# Senko's for river Saugeyes?



## dinkbuster1 (Oct 28, 2005)

anyone use Senko's for river 'Eyes? i use them on occasion for smallies when fishing faster moving water in the summer casting upstrteam and letting it bounce along the bottom as it drifts back down. just dawned on me last night that they may be good for 'Eyes, using a chartreuse or darter color, since they hug the bottom as well in swifter water. the waters where i usually fish for smallies are not known for having saugeyes in them so have yet to "accidentally" catch one on a senko.


----------



## Dandrews (Oct 10, 2010)

I caught a few in September or early October, I was fishing for smallmouth and let it drift into swifter water. The first one was an accident, I intentionally let it drift after that. I haven't caught any on a senko since then, but I haven't really tried. When I caught the first one I was surprised but it makes sense.
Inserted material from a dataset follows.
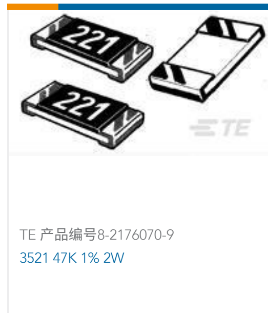
TE 产品编号8-2176070-9 3521 47K 1% 2W

I was using blue pearl with silver flakes.


----------



## isaiashortie (Oct 24, 2009)

that sounds like it will work what color do u think would be good???


----------



## autogyroenthusiast (Oct 25, 2007)

caught a nice 18 incher a couple weeks ago letting a pearl fluke drift through fast water into a pool. it was the only fluke i had at the time and he tore it up pretty good, so i haven't had a chance to try it again. had a little weight on it, so it seems like it could be a decent way to catch some mid-day, deeper water eyes.


----------